David Trubridge

David Trubridge graduated from Newcastle University in Northern England in 1972 with a degree in Naval Architecture (boat design). For the next ten years he lived and worked in rural Northumberland. He taught himself furniture making while working part-time as a forester on a private estate. He went on to develop his own designs which were exhibited around Britain.

During this time he married Linda, a Fine Arts graduate, and they had two sons, Sam and Billy. In 1981 they sold everything they had, bought the yacht ‘Hornpipe’ and set out on an open ended adventure around the world. For five years they sailed through the Caribbean and Pacific, stopping to work for a while in the Virgin Islands and Tahiti. David made whole house lots of furniture for expatriates on Tortola and Moorea. They arrived in New Zealand in late 1985 basing themselves in the Bay of Islands from where they continued to sail on ‘Hornpipe’. David started to make furniture influenced by their Pacific travels. A series of chairs were made like outrigger canoes : light flexible structures fastened with string lashings held graceful canoe forms as seats. Canoe Chair is in the entrance foyer of the New Zealand embassy in Tokyo.

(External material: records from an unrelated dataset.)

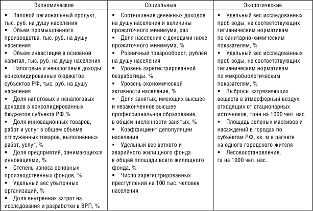 • система показателей должна охватывать все составляющие региональной системы: экономическую, социальную и экологическую;
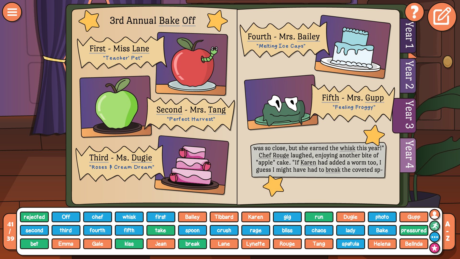 When you hit the “Solve” button, it takes you to the other half of the game, where you use the words from the word bank to fill in Mad Libs-style fill-in-the-blanks puzzles. Most scenes have three puzzles: one where you identify the names of the characters, one where you identify items that belong to different people (such as whose locker is whose in a high school), and one where you complete sentences explaining the entire scene. If you need help, a series of text-based hints are available that point you to things you might have missed in the scene.
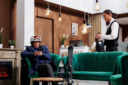 In lounge area, woman in winter jacket is using her smartphone as young server gives her a coffee. Female tourist using a mobile device to plan activities during her skiing trip at a fancy winter resort.
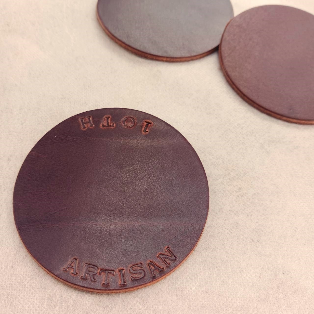 Instagramでアルチザンのアカウントをフォロー、投稿に「いいね!」した画面をスタッフに提示していただくと、牛革製コースターをプレゼントし、お好きな文字(英数字)の刻印体験をしていただけます。
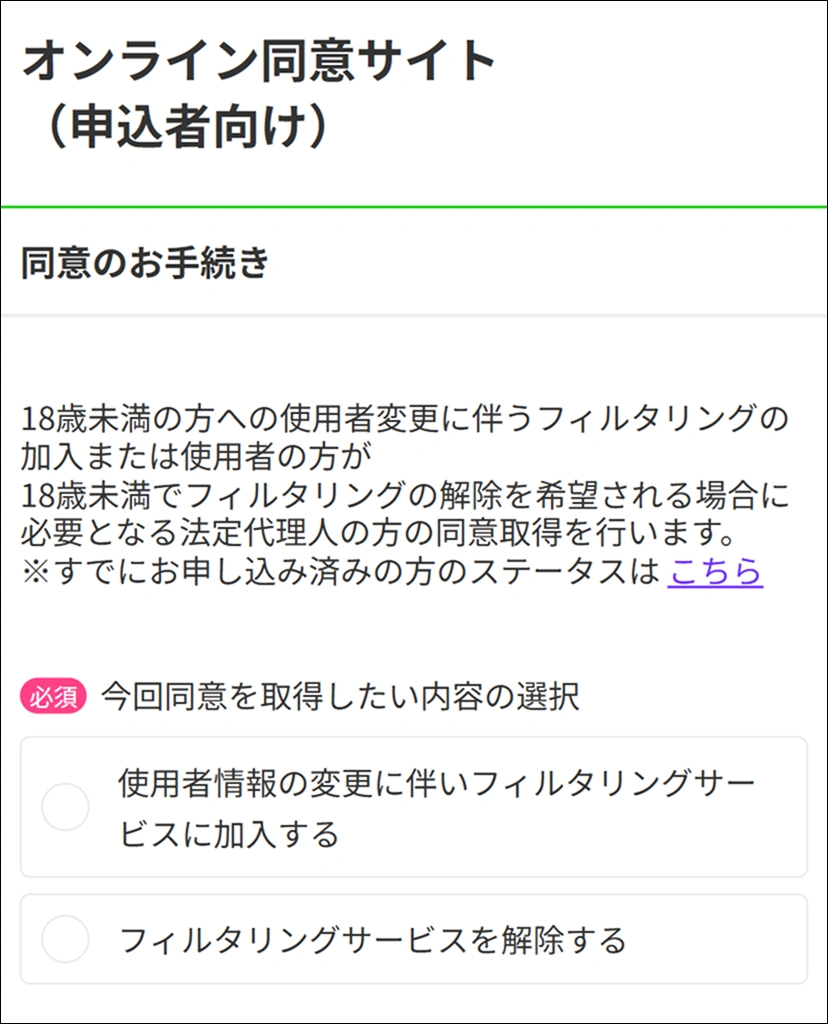 オンライン同意のご利用にあたり、以下の注意事項の確認と、法定代理人の方へ事前のご連絡をお願いします。
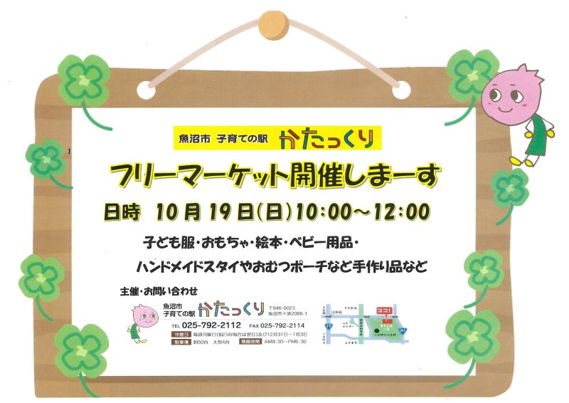 10/19(日)フリーマーケットのご案内 2025年10月7日 フリーマーケット開催です 10月19日(日)10時~12時 かたっくり1階団体活動スペースにて行います 子ども服・ベビー用品・おもちゃ、ハンドメイドスタイや手作り親子グッズなど 出店予定 一覧に戻る
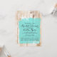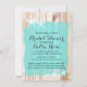 Hermosa invitación a la ducha de novia con peces estrella sobre el dorsal turquesa y fondo de madera. Personalizable completo, haga clic en el botón Personalizar para cambiar el color, el tamaño y el estilo del tipo de letra. También puede eliminar, reorganizar o agregar más texto que se ajuste a sus necesidades.

When Sam and Billy entered High School they sold ‘Hornpipe’ and moved to Hawkes Bay. David was Artist-in-Residence at Hawkes Bay Polytechnic (now EIT). He developed a series of works derived from the East Coast landscape and its fractured friable rocks. They built a house in Havelock North, which David designed. This led on to further architectural commissions. Taking inspiration from their much loved boat, the colourful Hornpipe Bench was made for a national Design competition using Radiata Pine, which it won as well as a number of other awards. It was exhibited in Hannover at ‘Ligna’ and London, and was included in the International Design Yearbook. The prize for the design competition was a trip to Japan. David combined this with a short residency at Kyoto College of Art. With the help of a Creative New Zealand (Arts Council) grant David produced a series of figurative works. They retained expressive tool-marks from the making process and also incorporated wood block prints. In 1999 David curated a national exhibition called Furniture in Context for the Hawkes Bay Cultural Trust, which later travelled to the Dowse Art Museum. For it he made the first Body Raft 98 designs, which were exhibited with blue-prints of yacht designs. The second version of the Body Raft was shown at Salone Satellite in the 2001 Milan Furniture Fair, where it was picked up for manufacture by Cappellini. This was the start of a whole new change in David’s fortunes, life style and business model. His role has developed from that of a local designer/maker to an internationally known designer running his own design and manufacturing business with sales all over the world.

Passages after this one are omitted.